As we know that the body centred cubic lattice is a unit cell in which number of atoms are present at eight corners as well as at the centre of the body. Distance between oppositely charged ions in the lattice can be calculated by calculating the radius of the atom.

Complete step by step answer:
As we know that the relation of edge length and radius of atom is calculated by face diagonal and body diagonal as shown below.

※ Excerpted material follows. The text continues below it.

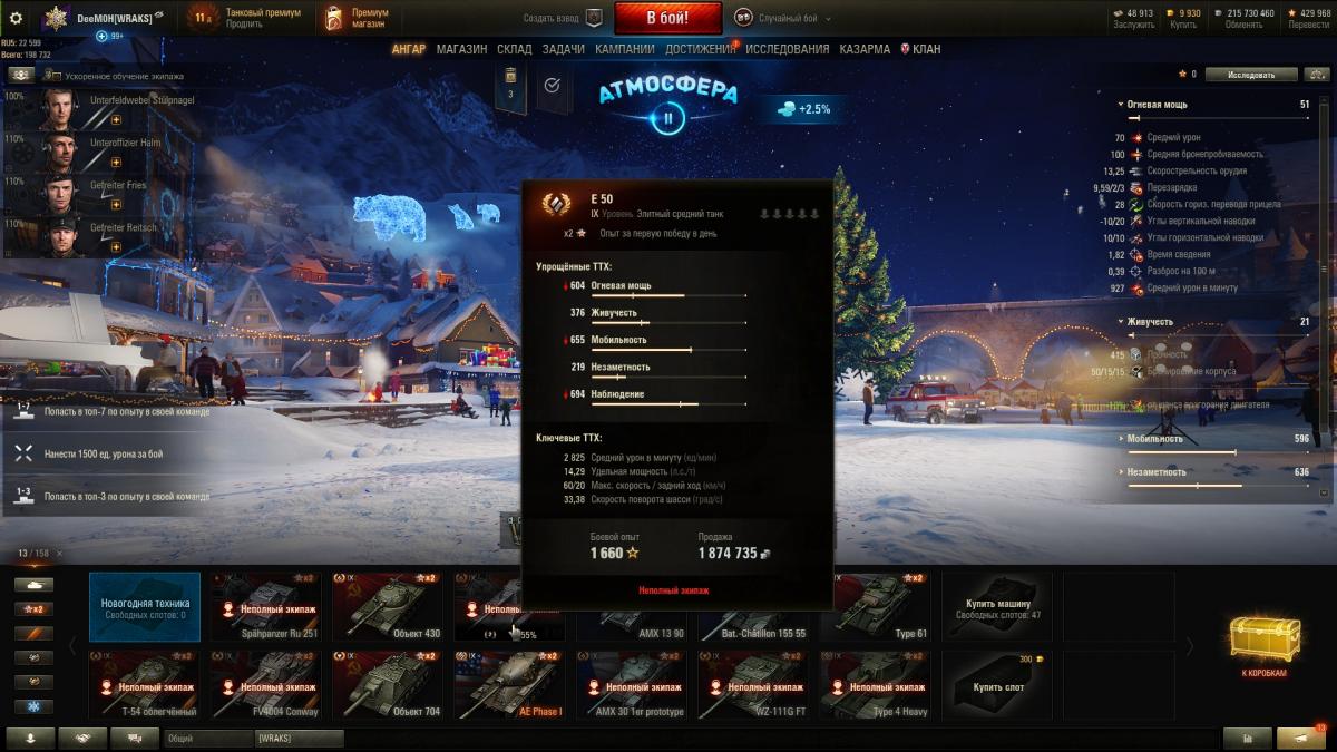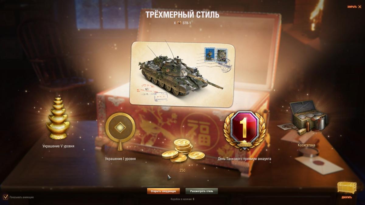Итак, стартовала новая суперлотерея от бесконечно любимой нами картофельной компании... Прошу в этой уютной теме делиться вашими успехами в выигрыше "ценных" призов. Но для начала я бы хотел донести немножко информации о формуле Бернулли для задачи о лотерейных билетов и статистике о выигрышах прошлых лет. Итак, в среднем с коробке без учета компенсаций танков по статистике прошлого сезона выпадает 340 ед золота. Т.е. купив 5 коробок вы скорее всего получите 1700 голды, 20-ти коробок 6800 ед. голды, а 45 коробок принесут 15 300 ед голды. Может, чуть больше, может чуть меньше. Второй ценный приз - дни премакка. В среднем - 0,7 дней с коробки. 5 коробок - 3,5 дня; 20 коробок - 14 дней, 45-коробок - 31,5 день. Многие говорят, что коробки это шанс выгодно разжиться голдой и премаком, но по факту получается, что это не совсем так, особенно если учесть, что за 500 рублей (цена 5 коробок) вы сможете взять 1750 голды и 7 дней. Однако гораздо интереснее ответ на вопрос: "Как выбить премтанк?" И здесь мы обратимся к решению задачи о летерейных билетах по формуле Бернулли. Итак, вероятность выпадения премтанка 8-го лвл в прошлом году была 2%, а низкоуровниевого - 11,5%. Скорее всего в этом году ничего не изменится. Но если вы думаете, что купив 50 билетов, получите 100% вероятность получить премтанк из коробки, то глубоко заблуждаетесь. Для 5-ти коробок: вероятность выпадения одного премтанка 8-го лвл - 9%, а двух 0,4%. С вероятностью 90,5% вы не выиграете ни одного. Низкоуровниевый прем вы выбьете с вероятностью - 35%, а два с вероятностью 9%. Ну а с вероятностью чуть более 1% вы получите сразу три. 54% - ни одного. Для 20-ти коробок: 27% вероятность получить премтанк 8-го лвл, 2 премтанка - 5% и 0,7% - три. С вероятностью 66,8 % вам не выпадет ни одного. Для лоулвл - 27% один танк; 28% - два танка, 22% - три танка; 12% - четыре танка, 5% - пять танков, и 1,6% - шесть танков. С вероятностью 8,7% не будет ни одного. Ну а что будет, если раскошелится сразу на 45? Один премтанк 8-го лвл - 37%, два танка - 17%, три - 5%, четыре - 1%. С вероятностью 40% не выпадет ни одного. Низкоуровниевые - 2,4% всего один; 71% - два танка; 13% - три танка; 17% - четыре танка; 18,5% - пять танков; 16% - шесть танков; 11,6% - семь танков; 7% - восемь танков; 4% - девять танков и 2% - десять танков. 4%-я вероятность, что не выпадет ни одного лоу-лвл премтанка. Известно, что один игрок купил в прошлом году 160 коробок и не выиграл ни одного премтанка 8-го лвл. Вероятность такой неудачи 4%. Для другого числа коробок можете посчитать здесь - https://www.matburo.ru/tvart_sub.php?p=calc_bern_ticket Именно низкоуровниевые премы являются главным источником "дополнительного" золота, позволяющего наполнить вашу казну за счет компенсации. Так что если у вас есть проданные за серебро локус, Т15 и МотяБП - срочно восстановить через ЦП!!! Сколько же покупать коробок - каждый решает сам. Мне кажется, что самым интересным в них являются игрушки, которые могут в самые первые дни поднять атмосферу и получать бонусы к прокачке, кредитам и прочему. Но сразу нарядить и получить 10-й уровень, скучновато, ИМХО. 20-ть коробок дадут вам 7 или 8-й уровень, что для меня оптимальный вариант. Жду ваших комментариев и отчетов об удаче. Всем добра и хорошего праздника! Итак, купил 20 коробок Восточного Нового года. Дошли ко мне они через полтора часа (это классика нового года). В это трудно поверить, но.... Выпали 17 дней премакка, ГСОР, М4фл10, Т78 (два раза), Т15 (получил компенсацию), стили на Япо

$$d = 2r\\\ r = \dfrac{{\sqrt 3 \,x\,a}}{4}$$

Where $a$is the edge length of the body centred cubic lattice and $r$is the radius of the atom.
In this way, by putting the value of edge length we can calculate radius of atom as

$$\Rightarrow r = \dfrac{{\sqrt 3 x387pm}}{4}\\\ \Rightarrow r = \dfrac{{1.732x387pm}}{4}\\\ \Rightarrow r = 167.57pm$$

Now we know that the distance is the closest approach of two atoms so the relation between radius of atom and distance is as
$d = 2r$
Now we put the value of $r$to know the value of $d$
$d = 2\,x\,167.57\,pm = 335.14\,pm$

Note: The total number of atoms in a body centred cubic unit cell is 2 in which one from body centre and one from eight corners. The central atom in the body centred cubic lattice makes a body diagonal which can be calculated by face diagonal and the edge of the body centred cubic lattice by Pythagoras theorem. The body central atom also measures the distance of closest approach as we can see in the below diagram.

As the spheres at the body centre touches the spheres at the corners, body diagonal, ${\rm{MN = 4r}}$
Further, face diagonal,

$$\Rightarrow {\rm{MP = }}\sqrt {{\rm{M}}{{\rm{Y}}^{\rm{2}}}{\rm{ + Y}}{{\rm{P}}^{\rm{2}}}} \,\,\\\ \Rightarrow {\rm{ = }}\sqrt {{{\rm{a}}^{\rm{2}}}{\rm{ + }}{{\rm{a}}^{\rm{2}}}} \\\ \Rightarrow {\rm{ = }}\sqrt {\rm{2}} {\rm{a}}$$

And body diagonal,

$${\rm{MN = }}\sqrt {{\rm{M}}{{\rm{P}}^{\rm{2}}}{\rm{ + P}}{{\rm{N}}^{\rm{2}}}} \,\,\\\ \Rightarrow {\rm{ = }}\sqrt {{\rm{2}}{{\rm{a}}^{\rm{2}}}{\rm{ + }}{{\rm{a}}^{\rm{2}}}} \\\ \Rightarrow {\rm{ = }}\sqrt {\rm{3}} {\rm{a}}$$

Therefore, $\sqrt {\rm{3}} {\rm{a = 4r}}$
Or
$r = \dfrac{{\sqrt 3 \,x\,a}}{4}$